§ What the task requires
Using the data below, restate exactly every line from the one with "2026-01-17. РФ, Москва." up to and including the one with "Black Faux Velvet". No picture belongs in it.

§ Data supplied
———

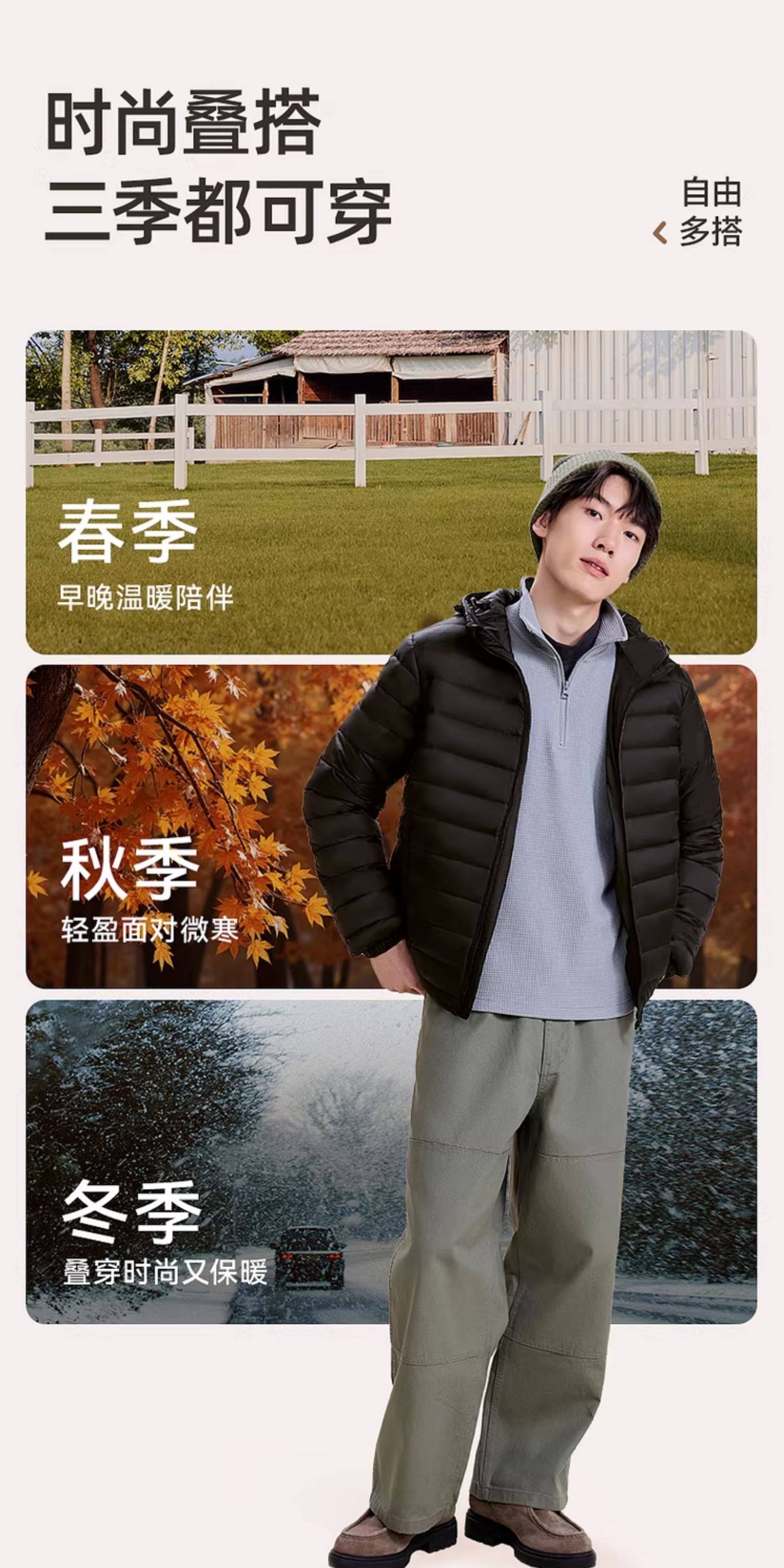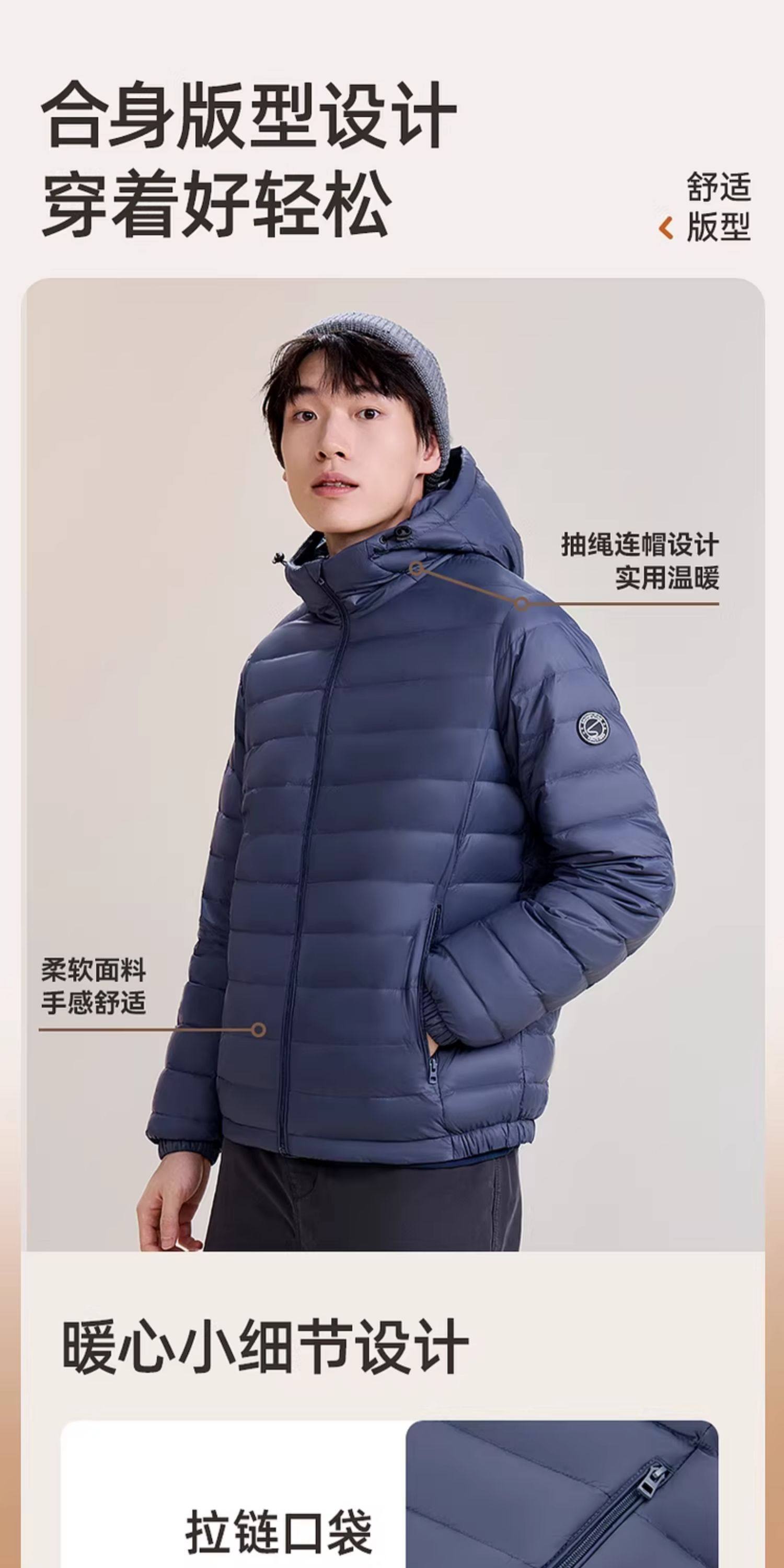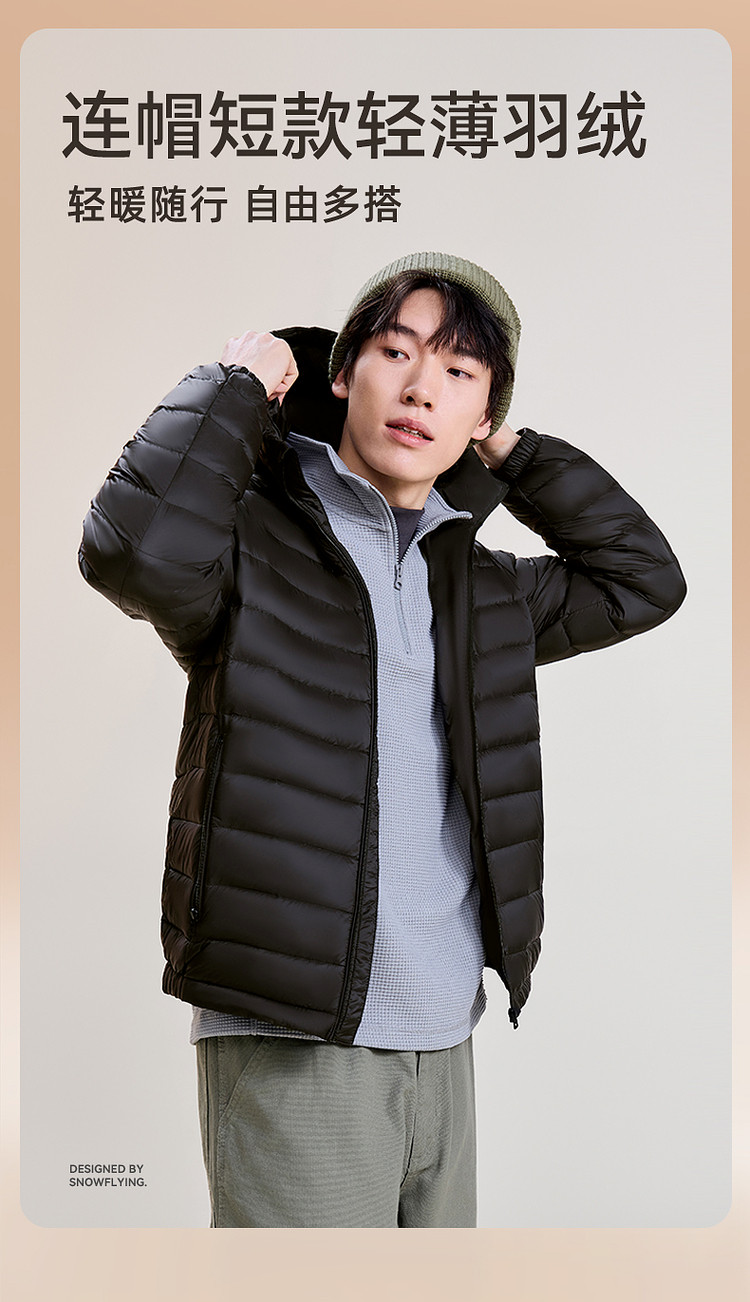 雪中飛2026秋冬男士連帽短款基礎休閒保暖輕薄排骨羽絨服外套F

———

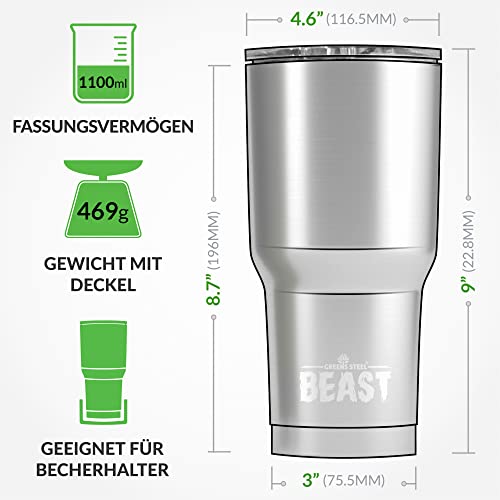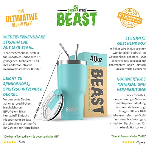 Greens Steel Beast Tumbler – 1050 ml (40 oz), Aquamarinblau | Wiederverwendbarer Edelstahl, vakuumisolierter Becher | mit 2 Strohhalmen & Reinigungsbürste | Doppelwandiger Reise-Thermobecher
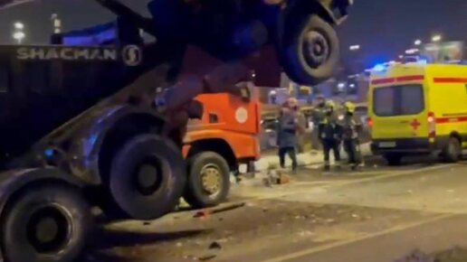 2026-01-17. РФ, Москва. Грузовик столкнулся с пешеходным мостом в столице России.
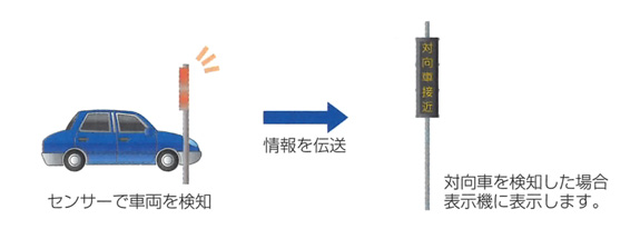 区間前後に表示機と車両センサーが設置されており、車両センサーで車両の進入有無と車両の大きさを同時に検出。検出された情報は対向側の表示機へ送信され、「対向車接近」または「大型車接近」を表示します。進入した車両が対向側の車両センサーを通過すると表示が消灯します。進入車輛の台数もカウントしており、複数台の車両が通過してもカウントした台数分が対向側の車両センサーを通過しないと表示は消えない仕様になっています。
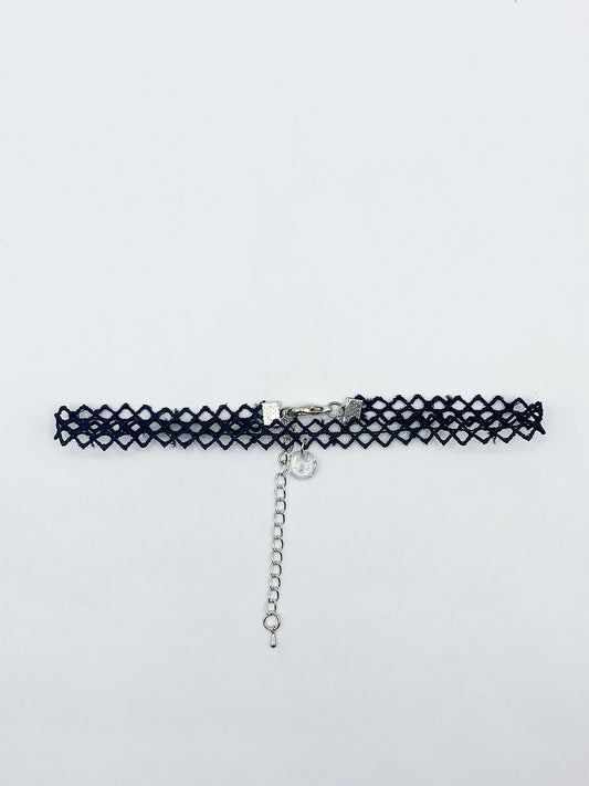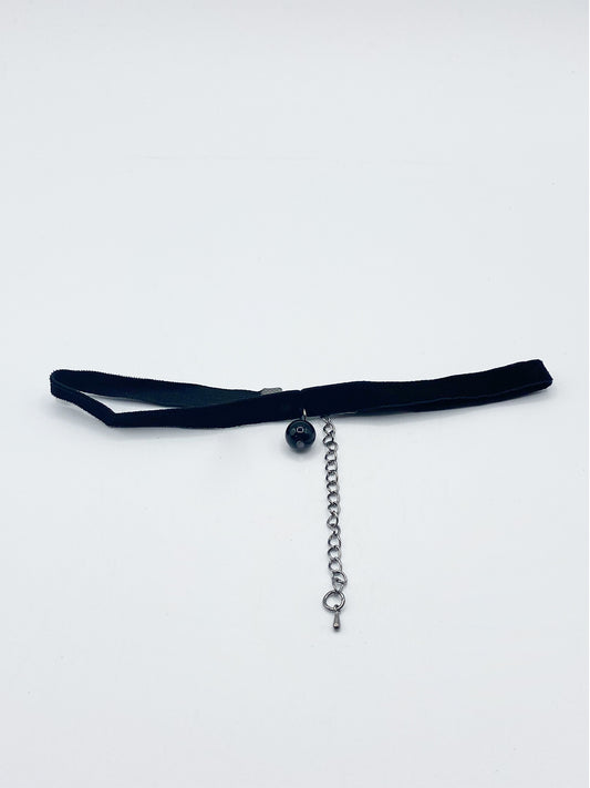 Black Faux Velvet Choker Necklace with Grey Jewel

———

§ Solution to this task
 2026-01-17. РФ, Москва. Грузовик столкнулся с пешеходным мостом в столице России.
 区間前後に表示機と車両センサーが設置されており、車両センサーで車両の進入有無と車両の大きさを同時に検出。検出された情報は対向側の表示機へ送信され、「対向車接近」または「大型車接近」を表示します。進入した車両が対向側の車両センサーを通過すると表示が消灯します。進入車輛の台数もカウントしており、複数台の車両が通過してもカウントした台数分が対向側の車両センサーを通過しないと表示は消えない仕様になっています。
 Black Faux Velvet Choker Necklace with Grey Jewel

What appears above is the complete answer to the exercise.